The builder applies conservative lower bounds before returning the plan. A zero-attempt smoke would skip probing entirely and the rollout would have no way to ever trigger an auto-rollback; a negative timeout would either crash urllib or hang forever; a negative inter-attempt delay would propagate straight into time.sleep and behave unpredictably across Python versions. Clamping in one place means every downstream caller — CLI, environment variable, library call — gets the same safety net:

def plan_smoke_test(
    probe_url: str = DEFAULT_SMOKE_URL,
    expected_status: int = DEFAULT_SMOKE_STATUS,
    attempts: int = DEFAULT_SMOKE_ATTEMPTS,
    timeout_seconds: float = DEFAULT_SMOKE_TIMEOUT,
    attempt_delay_seconds: float = DEFAULT_SMOKE_DELAY,
) -> SmokePlan:
    return SmokePlan(
        probe_url=probe_url,
        expected_status=expected_status,
        attempts=max(1, attempts),
        timeout_seconds=max(0.001, timeout_seconds),
        attempt_delay_seconds=max(0.0, attempt_delay_seconds),
    )

Three tiny tests in test_rollout.pytest_plan_smoke_test_clamps_attempts_to_at_least_one, test_plan_smoke_test_clamps_negative_timeout, test_plan_smoke_test_clamps_negative_delay — pin those clamps so a future "let me just remove this max() call" refactor breaks the suite loudly.

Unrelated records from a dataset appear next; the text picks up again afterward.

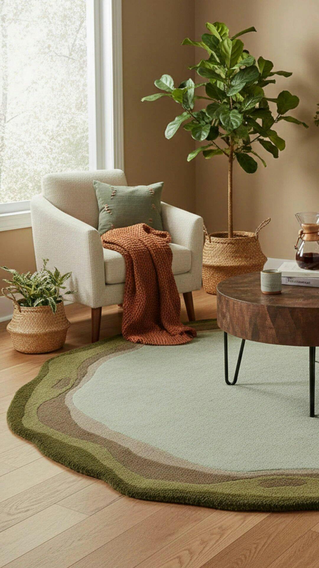 Inspired by nature’s organic beauty, the Sage Green and Earth-Tone Round Rug brings a serene, grounded aesthetic to any space. Hand-tufted with exceptional craftsmanship, this unique piece features a soft sage center surrounded by layered earth-tone borders in olive, taupe, and deep green, reminiscent of natural stone or tree rings.
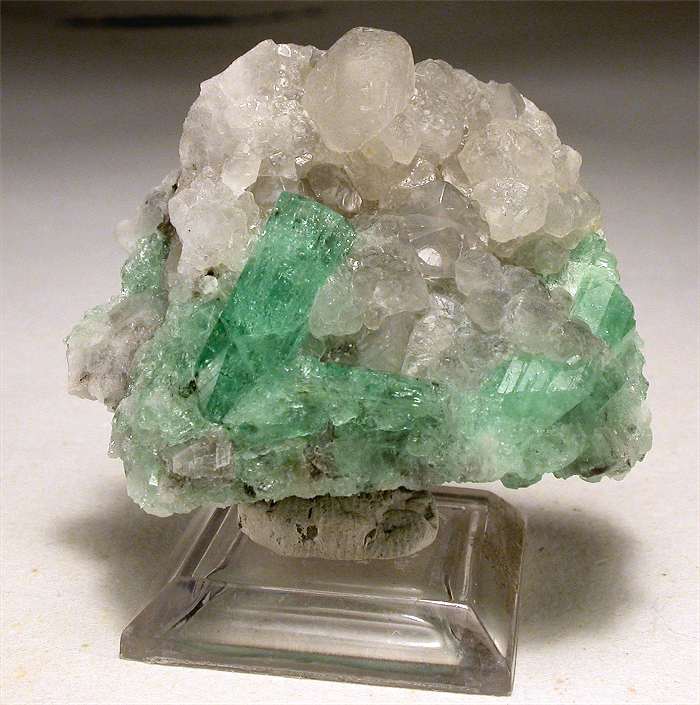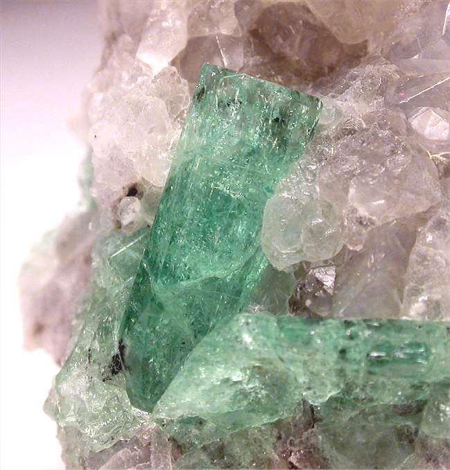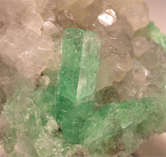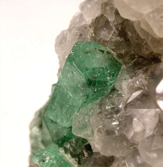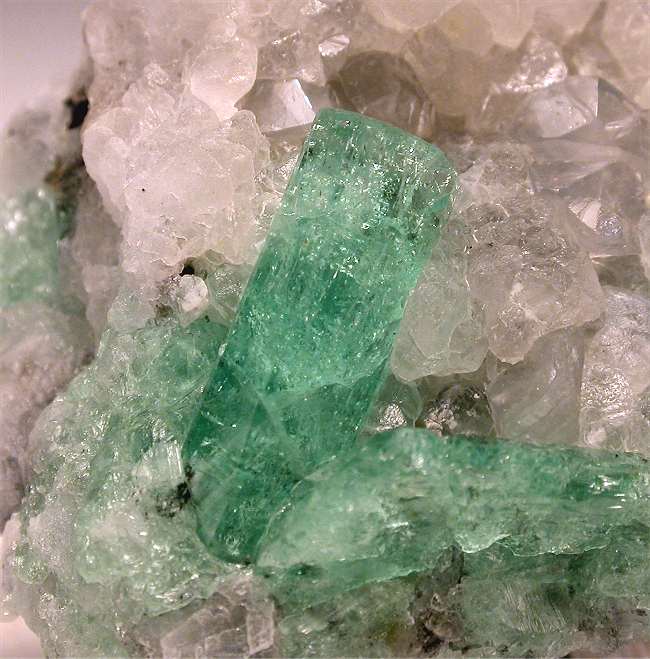 Muzo, Colombia - A super esthetic specimen hosting a perfectly terminated emerald crystal of 1.9 cm in size ! The color is bright green. The crystal has no damage and sits on quartz crystals. Other partial emeralds all around. Overall size is 5x3.5x3 cm
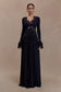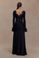 The ELECTRA Slinky Lace Maxi Dress blends sultry detail with fluid design. Featuring a deep V lace neckline and fitted silhouette, this dress hugs the body while lace cut-outs add delicate intrigue. A cascading front-side tie drape brings graceful movement, while flared layered sleeves evoke a sense of vintage romance. Partially lined for contrast and comfort, this dress is designed to turn heads—whether it’s a moonlit dinner or a statement-making soirée.
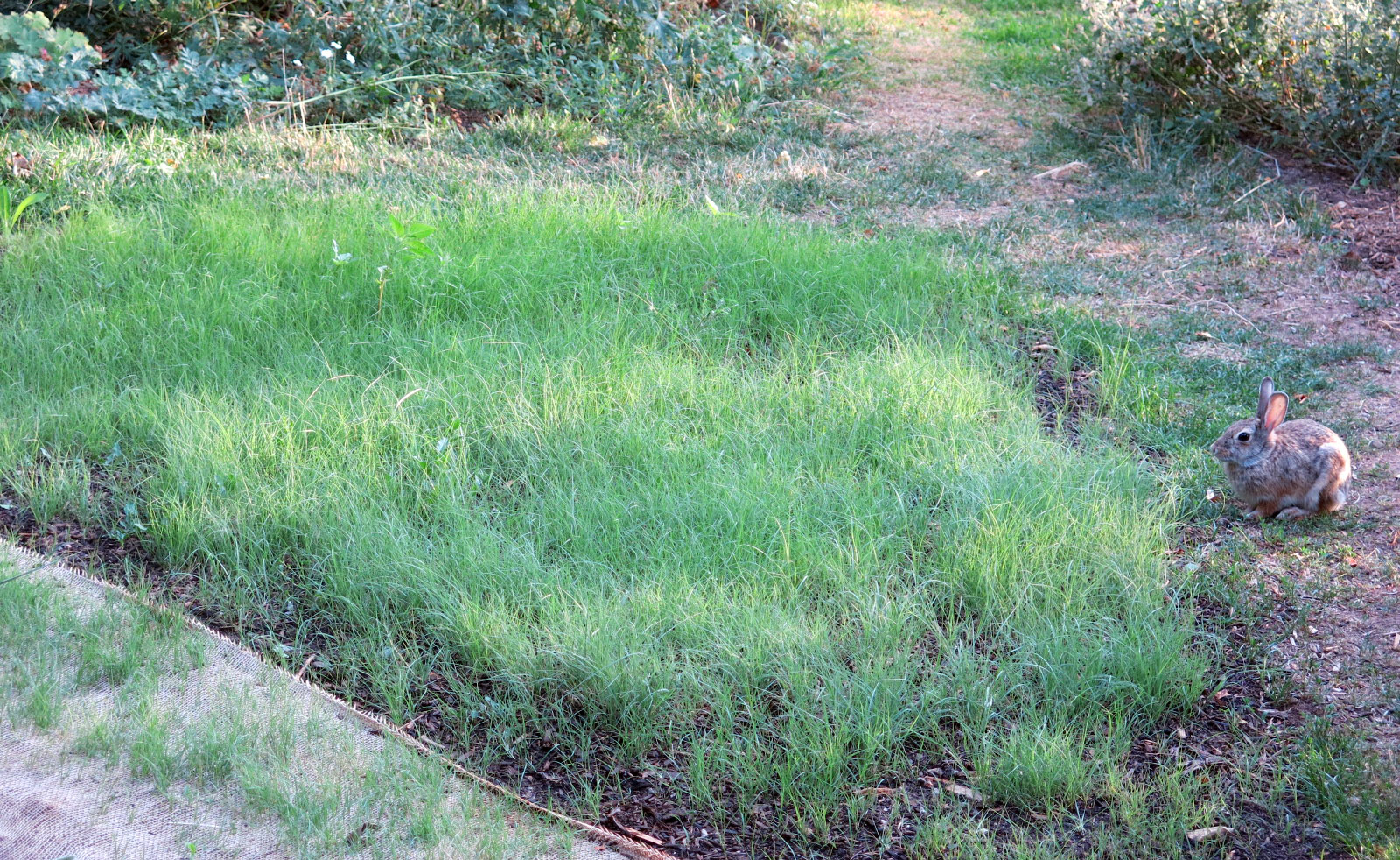 In other news, the buffalo grass lawn in back is coming in nicely. The guy I live with was so impressed with The Dry Garden Handbook by Olivier Filippi that he wanted the author’s new book, Alternatives au gazon, which he had to order from France. You can see the gazon here, still a gazon but definitely alternatif, with sustainable lawnmower ready for duty. (Incidentally, the guy I live with says gazon is also a word in English, having to do turf on fortifications.)
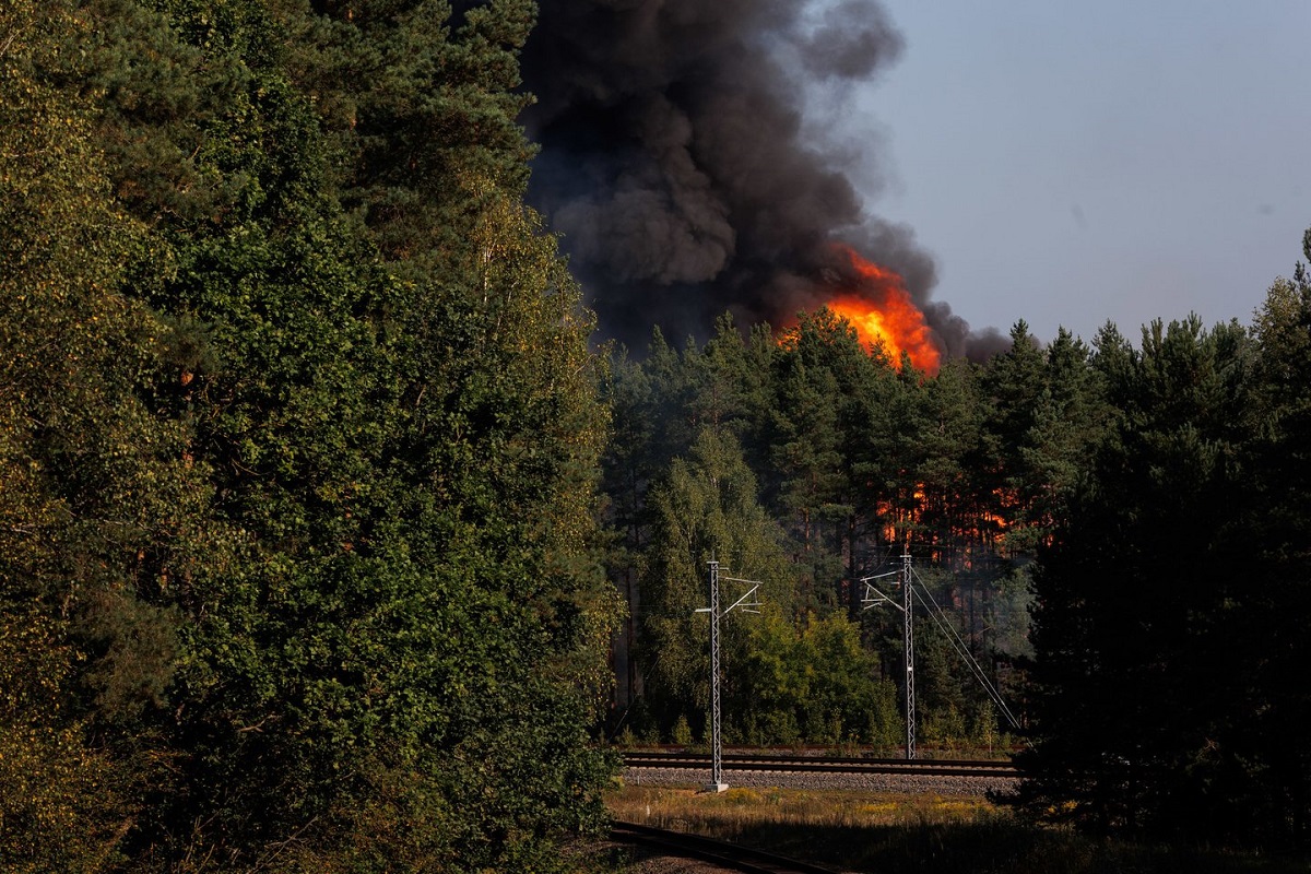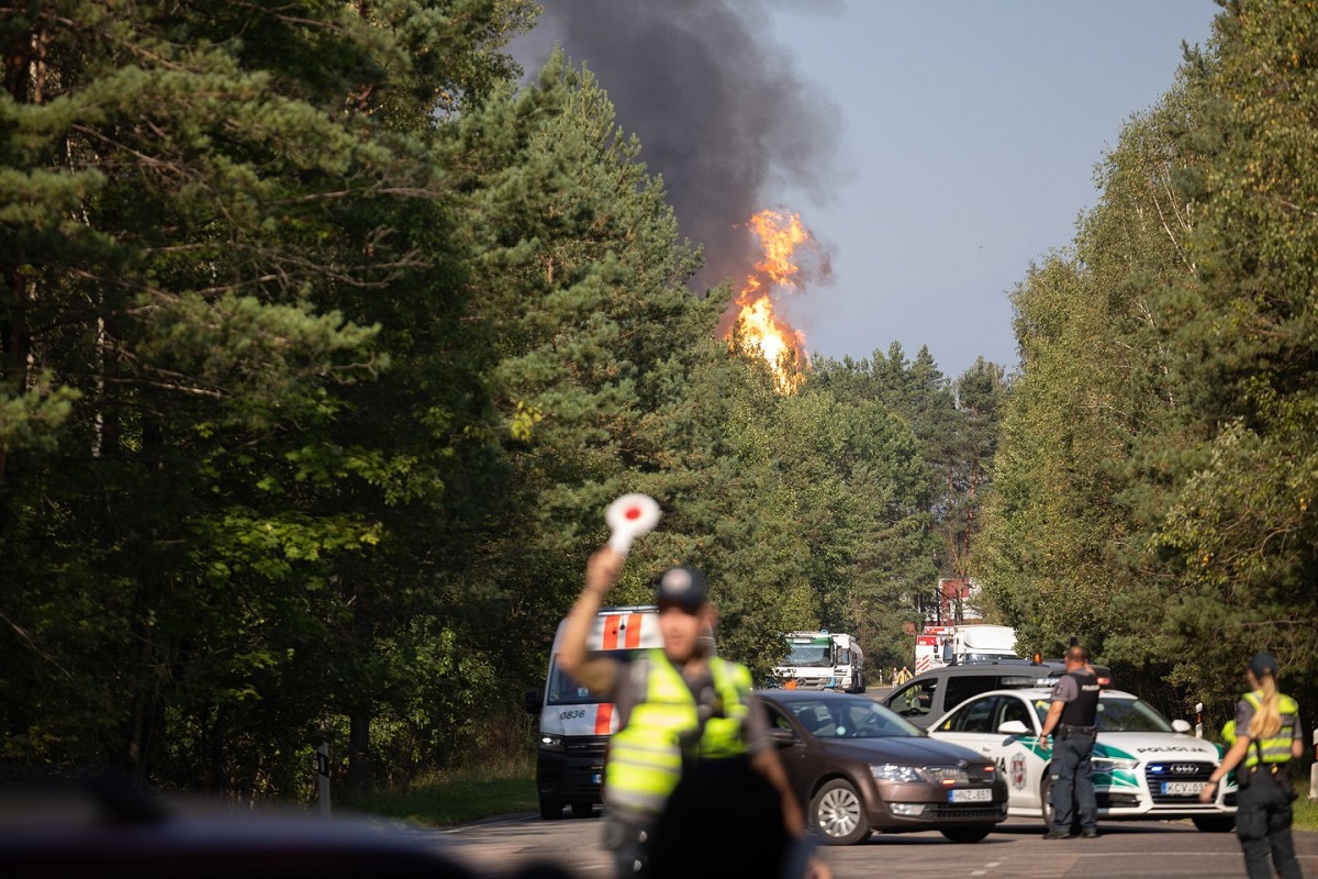 Первый взрыв прозвучал около 10 утра 10 сентября, очевидцы сообщают, что слышали взрывы и после полудня. Дорога рядом с железной дорогой перекрыта, на фото видно, что над деревьями поднимается зарево и черный дым, пишет lrytas.
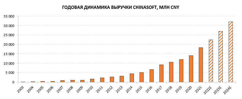 С момента выхода на биржу бизнес Chinasoft продемонстрировал 200-кратный рост. В 2003–2021 гг. среднегодовые темпы роста выручки компании составили 30%. В 2022–2024 гг. прогнозируется рост выручки в среднем на 20% в год.
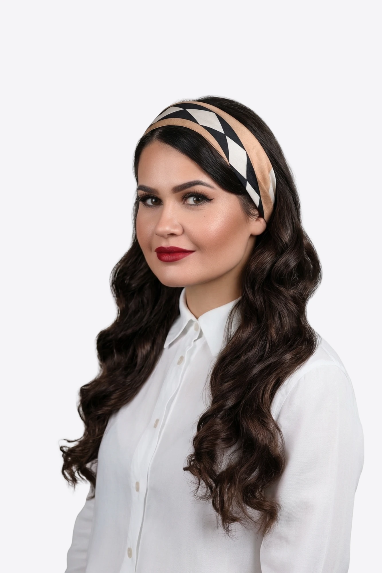 „Iluzja Królowej” to twilly, które przenosi Cię do świata, gdzie rzeczywistość igra z wyobraźnią, a każda kobieta staje się główną bohaterką własnej rozgrywki. Hipnotyzujący wzór z wirującymi rombami, zakrzywionymi liniami i rozsypanymi szachowymi figurami sprawia, że trudno oderwać od niej wzrok – to taniec logiki i zmysłów.
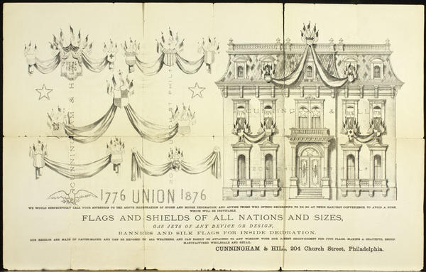 Advertisement issued during the Centennial Exhibition 1876 for the upholstery manufacturers and dealers containing illustrations of 5 different styles of patriotic bunting and an exterior view of a residence adorned with bunting and commemorative window shades. Illustrations depict bunting designs composed of shields, flags (including America, France, Great Britain), swaths of fabric, panels, and fringes. One design includes shield with portrait of George Washington. Section of advertisement also includes a design for lettering reading "1776 Union 1876" complemented by the figure of an eagle. View of residence shows a three-story mansard-roofed building with a portico entrance. The name and address of Cunningham & Hill are printed over and within the illustrations. Cunningham & Hill, the partnership between William B. Cunningham & Philip Hill, operated between circa 1871 and 1876 when the partnership dissolved.
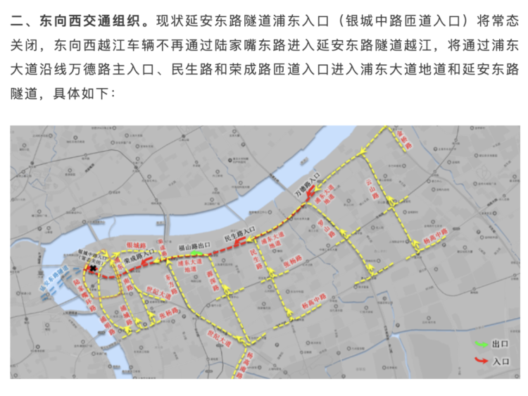 上海市政府在去年12月19日发布的通知中表明,浦东大道地道工程于2022年12月23日通车后,浦东延安东路隧道银城中路匝道入口将常态关闭。
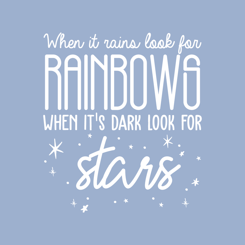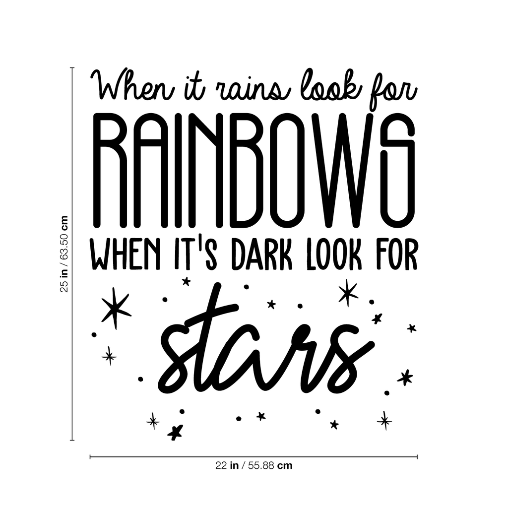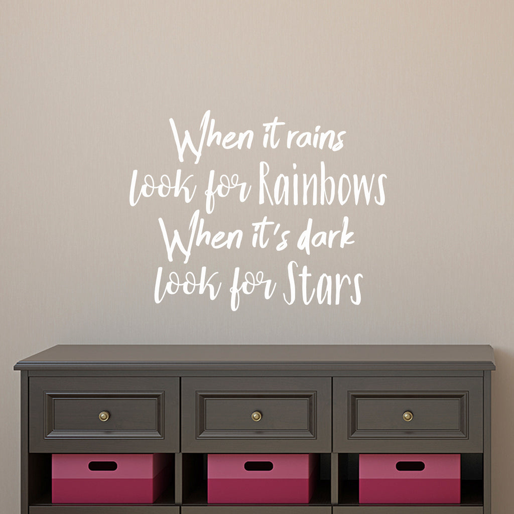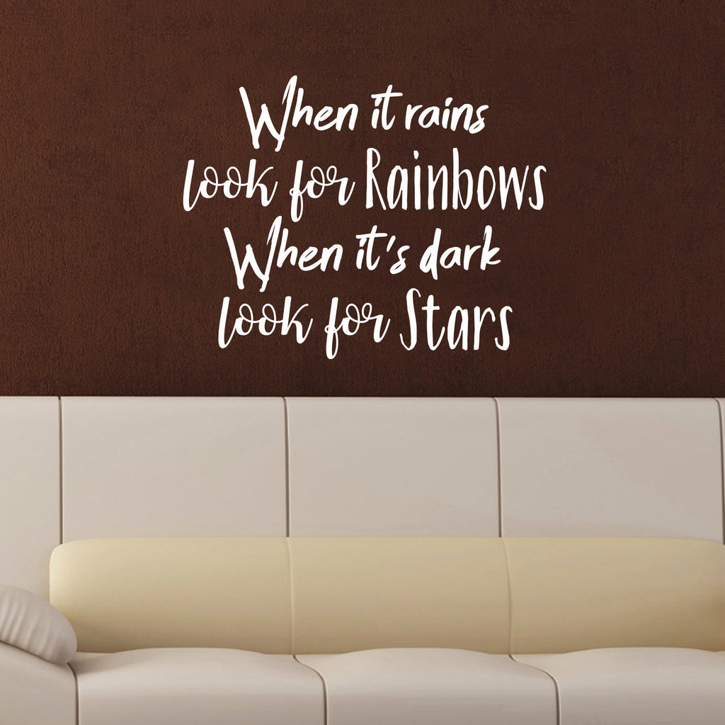 This cute decal "When It Rains Look For Rainbows When It's Dark Look For Stars"; is the perfect touch for your home or apartment. Use it for your home; bedroom; dorm room or anywhere you want to bring some extra inspirational decoration. It's a vinyl sticker that is easy to put on any smooth and dry surface. Our modern designs don't just brighten up the room; but brighten up the day. Using top of the line vinyl across all of our production allows us to be the leaders in quality and design.

Probing without opening a socket

The probe itself is a one-function HTTP client that collapses every failure mode into "did we see the expected status or not". The default prober uses urllib.request and treats any exception as status 0:

def default_prober(url: str, timeout: float) -> int:
    req = urllib.request.Request(
        url, headers={"User-Agent": "rollout-smoke/1.0"}
    )
    try:
        with urllib.request.urlopen(req, timeout=timeout) as resp:
            return int(resp.status)
    except urllib.error.HTTPError as exc:
        return int(exc.code)
    except Exception:
        return 0

Two design choices matter. First, an HTTPError (a real HTTP 4xx/5xx) is unwrapped to its numeric code rather than collapsed to zero — that way someone running a deploy that legitimately expects a 204 or a 403 from a private endpoint can configure the expected status and have the smoke pass without changes. Second, every other exception (connection refused, DNS failure, TLS error, timeout) becomes a 0, which the retry loop treats identically to a non-matching HTTP status. The caller never has to distinguish "the proxy returned 502" from "we could not even open a TCP socket to the proxy"; both mean "the new replica is not serving what we asked for, try again". The test test_default_prober_returns_zero_when_connection_refused monkeypatches urlopen to raise an OSError and asserts the function returns 0 instead of crashing.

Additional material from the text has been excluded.